Work item: Copy the lines below exactly, starting at the one with "collection 2020 -2021" and ending at the one with "משתתפים רבים שמעידים", and leave out any picture.

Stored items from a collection

╭──

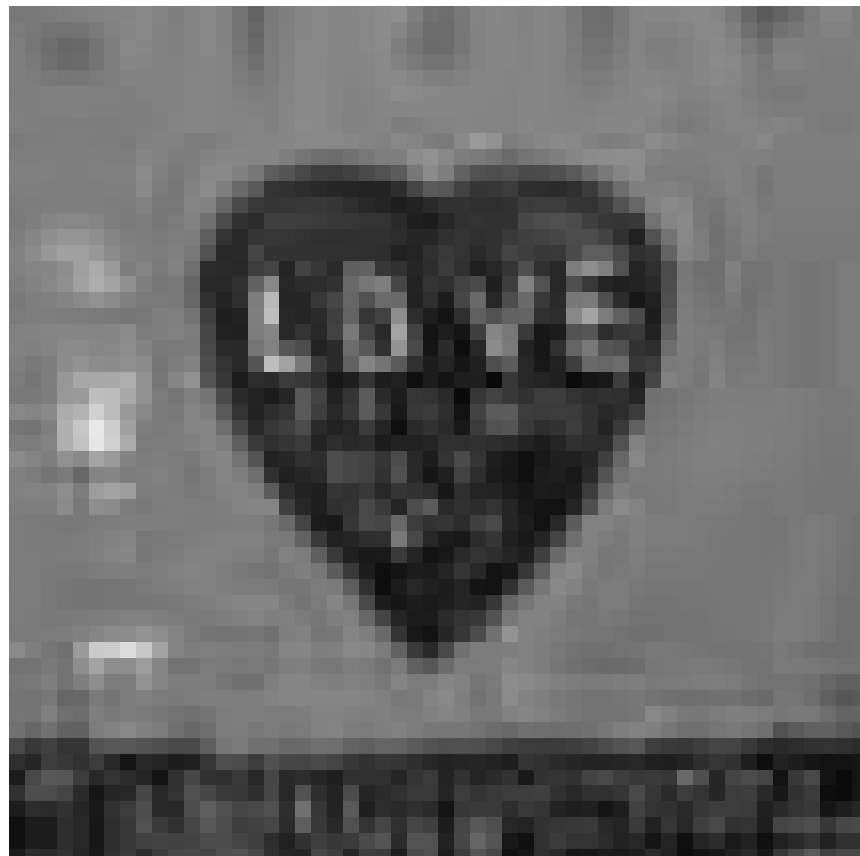
Hat was für uns Luxemburger übrig : Troy Henriksen „Something for Luxembourg“ - ab dem 26. Oktober, in der Galerie Miltgen, Luxembourg-Stadt

NEW Casino Luxembourg - Forum d'art contemporain (41, rue Notre-Dame, tél. 22 50 45), du 30.10 au
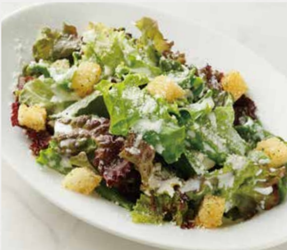
CAESAR SALAD シーザーサラダ レギュラー ¥920 / ハーフ ¥570
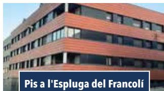
Pis a l'Espluga del Francolí

CASA AMB JARDÍ. Garatge, jardí, 4 habitacions i 2 banys. Cuina amb sortida al jardí. Disposa de golfes i calefacció. Entorn molt tranquil a 2 min. de Valls. Preu: 285.000€
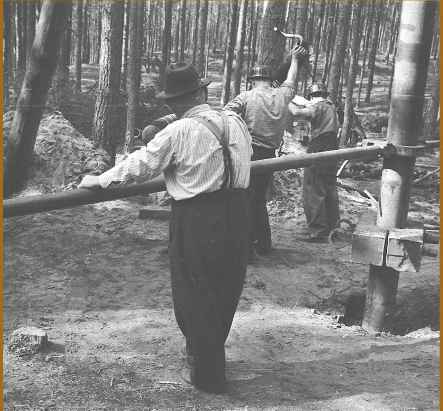
- hilft bei den Bohrarbeiten am Gerät 441: Schäferkran - .
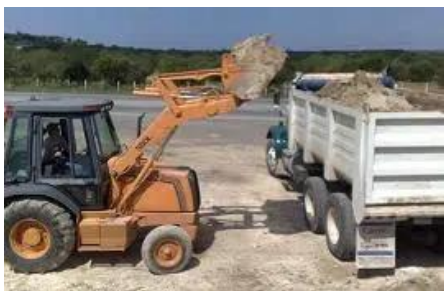
Acarreo de escombros
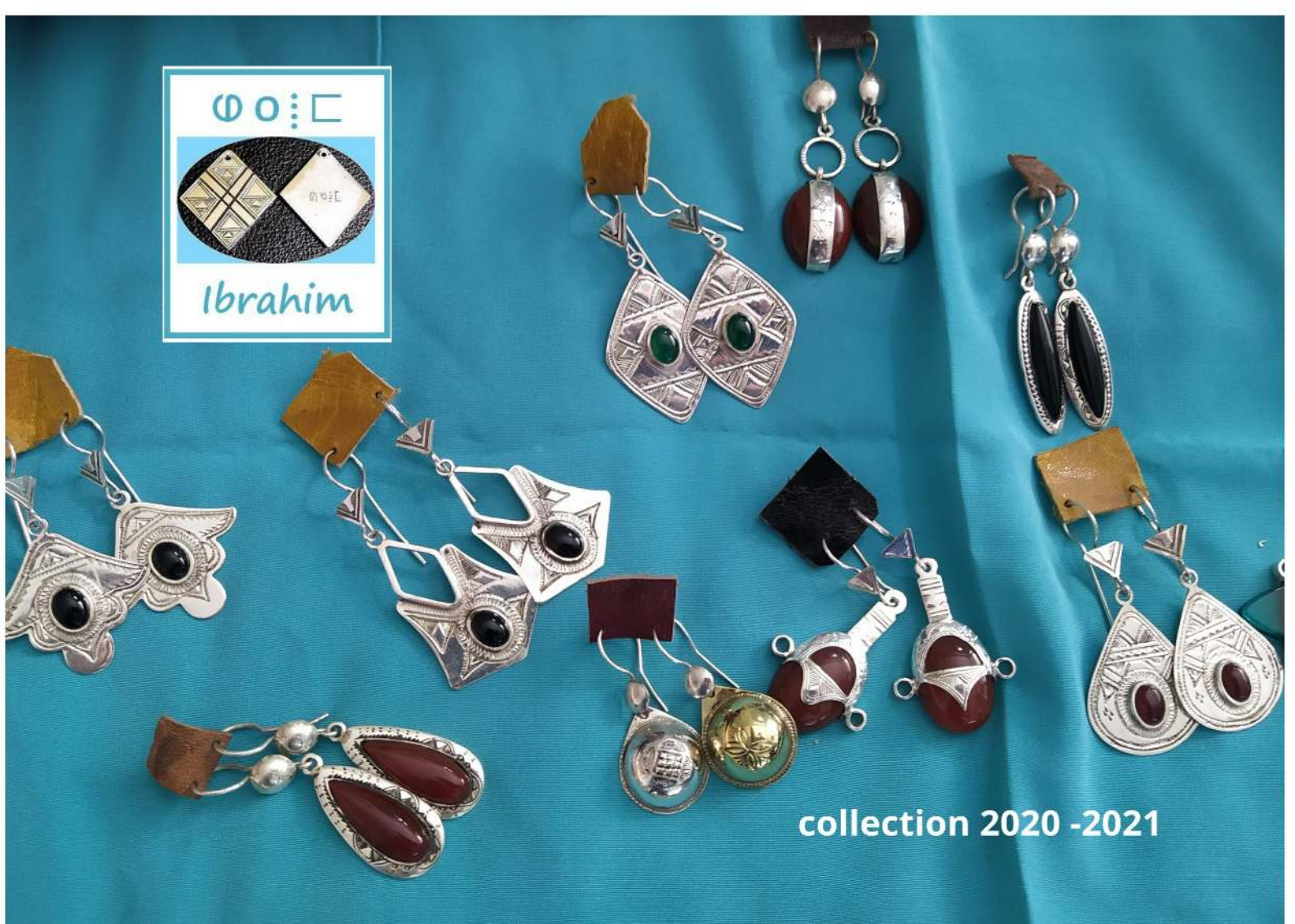
collection 2020 -2021
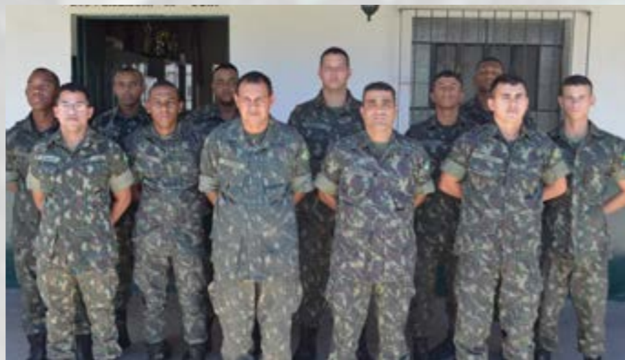
Pelotão de Comando
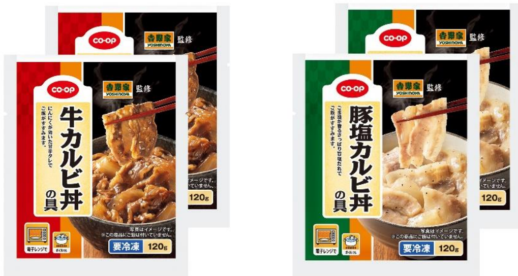
CO・OP & 吉野家 < 吉野家監修 > 牛カルビ丼の具 / CO・OP & 吉野家 < 吉野家監修 > 豚塩カルビ丼の具

これまで、各地域生協と吉野家は、ご家庭でも吉野家の“牛丼”の味を味わっていただくために1993年に吉野家「冷凍牛丼の具」を共同開発し、生協で本商品を取り扱うなど、約30年間交流を重ねてきましたが、この度、初めてCO・OP商品と吉野家のコラボ商品を発売することになりました。「CO・OP & 吉野家」で販売を開始する冷凍食品「牛カルビ丼の具」「豚塩カルビ丼の具」は、共に吉野家の店舗では提供していない「CO・OP & 吉野家」限定商品となります。外食で楽しめる本格的な「カルビ」をご家庭でも味わえるように、厚めのスライス肉をじっくり香ばしく焼き上げ、吉野家監修の元、新たに作り上げたオリジナルのたれを絡めて仕上げています。丼の具としてはもちろん、ご飯のおかずとしてもお楽しみください。
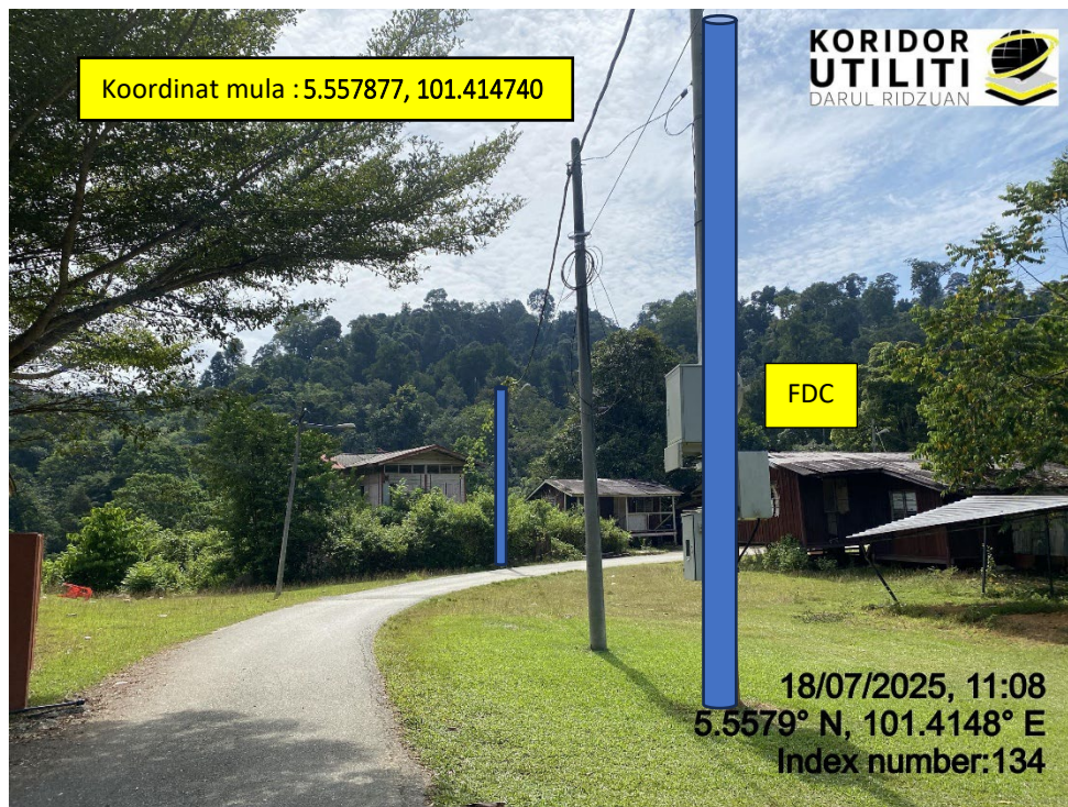
LOKASI DI JALAN SK RPS BANUN
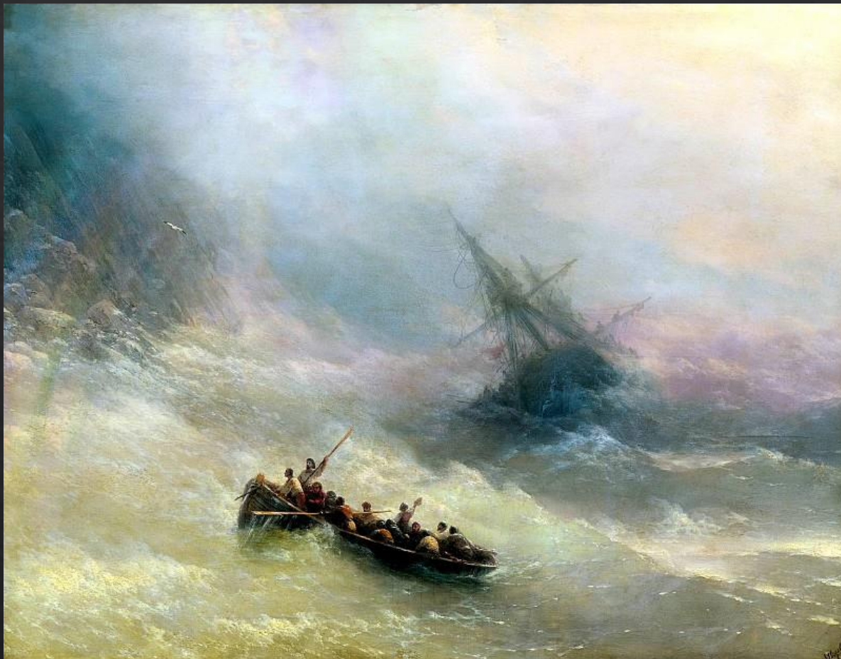
Айвазовский Иван. «Радуга»
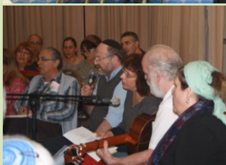
משתתפים רבים שמעידים על העניין וחשיבות הסוגיות
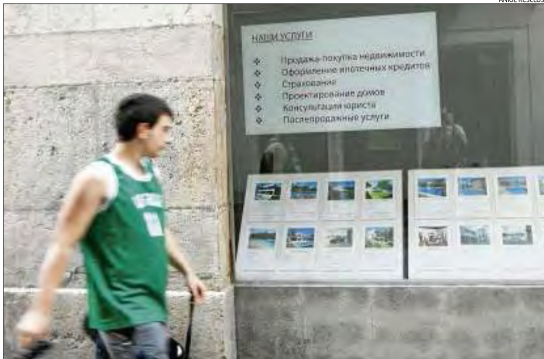
Immobil·liària de la ciutat de Girona que presenta les seves ofertes al litoral exclusivament en rus.

De les demandes realitzades, aproximadament la meitat s'acaben convertint en compres. Els API gironins posen alguns exemples, com ara el d'una immobiliària de Llançà que ha venut 30 apartaments en 10 dies; o una de Blanes que també ha efectuat importants
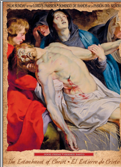
GOOD FRIDAY • VIERNES SANTO The Entombment of Christ • El Entierro de Cristo
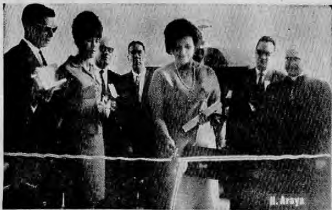
PRIMERA DAMA CORTO LA CINTA — La Sra. de Trejos, Fernández declaró inaugurada la 1ª Exposición anual del Instituto de Aprendizaje. Doña

puesta según la cual se pediría a Gran Bretaña que usase todos los medios para imponer el embargo.
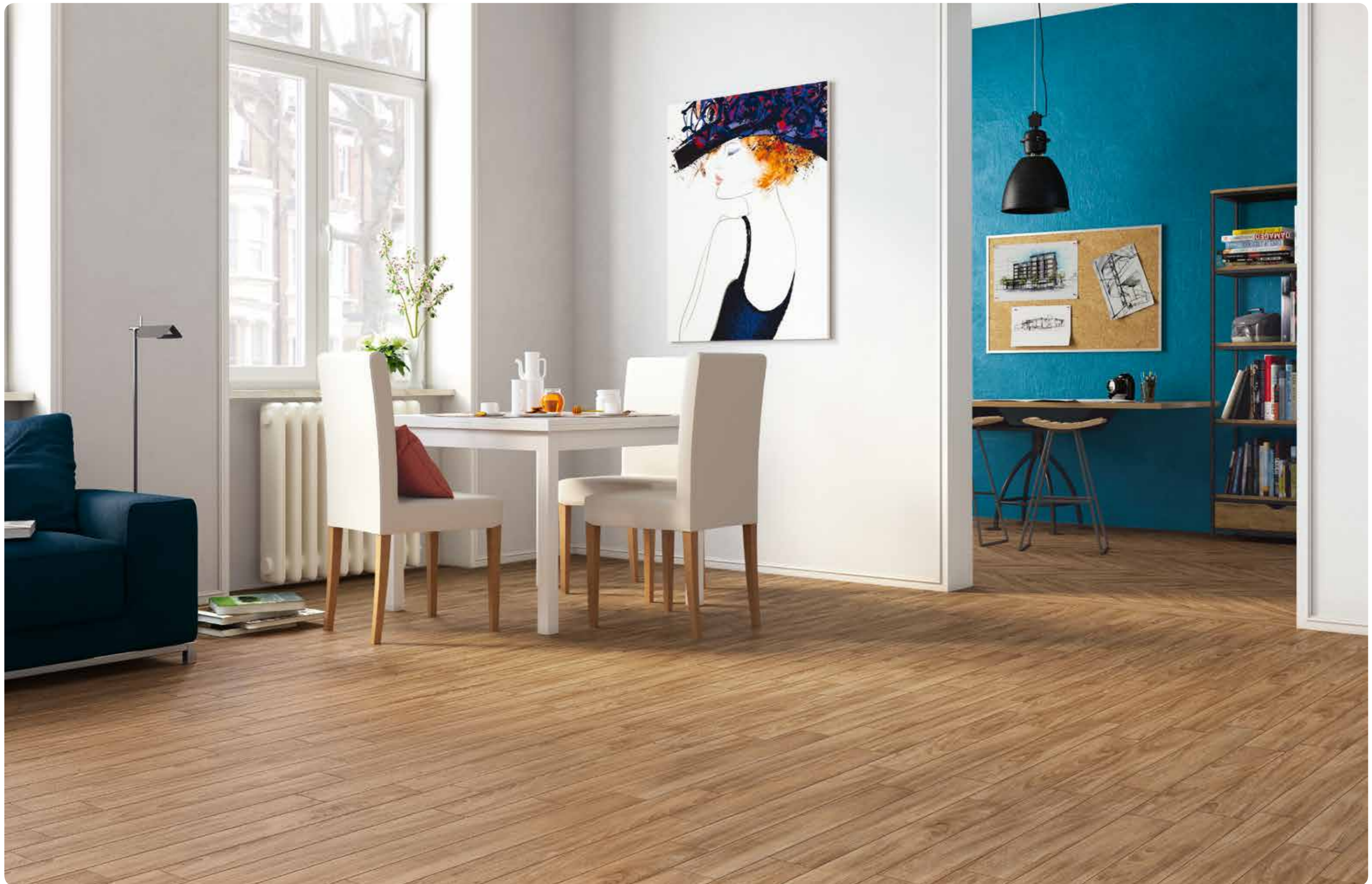
R4MF Woodessence Honey 10x70

╰──

Answer to the exercise:
collection 2020 -2021
Pelotão de Comando
CO・OP & 吉野家 < 吉野家監修 > 牛カルビ丼の具 / CO・OP & 吉野家 < 吉野家監修 > 豚塩カルビ丼の具

これまで、各地域生協と吉野家は、ご家庭でも吉野家の“牛丼”の味を味わっていただくために1993年に吉野家「冷凍牛丼の具」を共同開発し、生協で本商品を取り扱うなど、約30年間交流を重ねてきましたが、この度、初めてCO・OP商品と吉野家のコラボ商品を発売することになりました。「CO・OP & 吉野家」で販売を開始する冷凍食品「牛カルビ丼の具」「豚塩カルビ丼の具」は、共に吉野家の店舗では提供していない「CO・OP & 吉野家」限定商品となります。外食で楽しめる本格的な「カルビ」をご家庭でも味わえるように、厚めのスライス肉をじっくり香ばしく焼き上げ、吉野家監修の元、新たに作り上げたオリジナルのたれを絡めて仕上げています。丼の具としてはもちろん、ご飯のおかずとしてもお楽しみください。
LOKASI DI JALAN SK RPS BANUN
Айвазовский Иван. «Радуга»
משתתפים רבים שמעידים על העניין וחשיבות הסוגיות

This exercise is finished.